Lorenzo Fioramonti, ministro Istruzione si dimette. M5s: “Ci restituisca i 70mila euro che ci deve”

di redazione Blitz
Pubblicato il 26 Dicembre 2019 9:04 | Ultimo aggiornamento: 26 Dicembre 2019 12:39
lorenzo fioramonti ansa

Lorenzo Fioramonti (Ansa)

ROMA – Lorenzo Fioramonti ha consegnato la lettera di dimissioni al premier Giuseppe Conte. Il ministro dell’Istruzione, nelle ultime settimane aveva più volte lamentato la mancanza di fondi per la scuola e l’università in manovra.

Secondo quanto riferiscono diverse fonti di maggioranza, Fioramonti potrebbe ora lasciare M5s per fondare un gruppo parlamentare autonomo ma “filogovernativo”, come embrione di un nuovo soggetto politico.

Con lui, secondo quanto scrive l’Agi, altri deputati abbandonerebbero il Movimento senza però far mancare l’appoggio a Conte.

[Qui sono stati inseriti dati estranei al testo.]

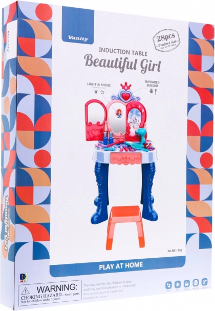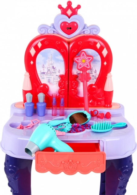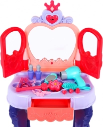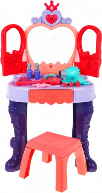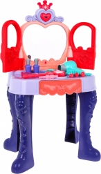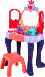Toaletka má praktickou výsuvnou zásuvku na všechny drobnosti a bohaté příslušenství: hřebínek, zrcátko, prstýnky, náramky, sponky, gumičky a atrapy rtěnek a voňavek. Stabilní konstrukce, příjemné rozměry a pohodlná stolička zajišťují komfort při hraní i snadné umístění v dětském pokoji.

Le dimissioni del ministro erano rimaste nell’aria per tutta la sera del 25 per essere poi confermate da Palazzo Chigi poco dopo le 23.  I rumor delle dimissioni del responsabile dell’Istruzione duravano da giorni ed erano legati all’approvazione della manovra, con il mancato stanziamento dei fondi attesi per l’Istruzione. 

Il ministro dell’Economia Roberto Gualtieri, in una recente intervista a Repubblica, aveva ammesso: “Abbiamo inserito circa due miliardi aggiuntivi per scuola, università e ricerca. Avrei voluto destinare ancora più risorse a questi settori fondamentali. L’impegno è per la prossima manovra”. 

Nei giorni scorsi si sono fatti i nomi di alcuni deputati che potrebbero seguirlo, tra cui Nunzio Angiola e Gianluca Rospi, ma anche l’ex M5s Andrea Cecconi. Per la successione al ministero dell’Istruzione il nome invece più ricorrente è quello di Nicola Morra, attuale presidente della Commissione parlamentare antimafia.

Fioramonti, M5s: “Tre miliardi non stanziati? Ci restituisca 70mila euro”

“Se non ci sono tre miliardi per scuola e università, mi dimetto”. Lorenzo Fioramonti lo aveva detto pubblicamente ed ora dalle parole è passato ai fatti.  Come scrive il Corriere della Sera, la questione delle risorse mancanti è solo una delle motivazioni che lo hanno spinto a lasciare. Fioramonti infatti, da molto tempo non condivideva quasi nulla del Movimento 5 Stelle.  L’ormai ex ministro non gradiva la linea decisa dal ministro Luigi Di Maio, oltre che dell’invasione di campo della Casaleggio Associati. Anche per questo dal Movimento la prendono male e fanno filtrare una frase velenosa: “Tre miliardi? Cominciasse lui a restituire i 70 mila euro che ci deve”.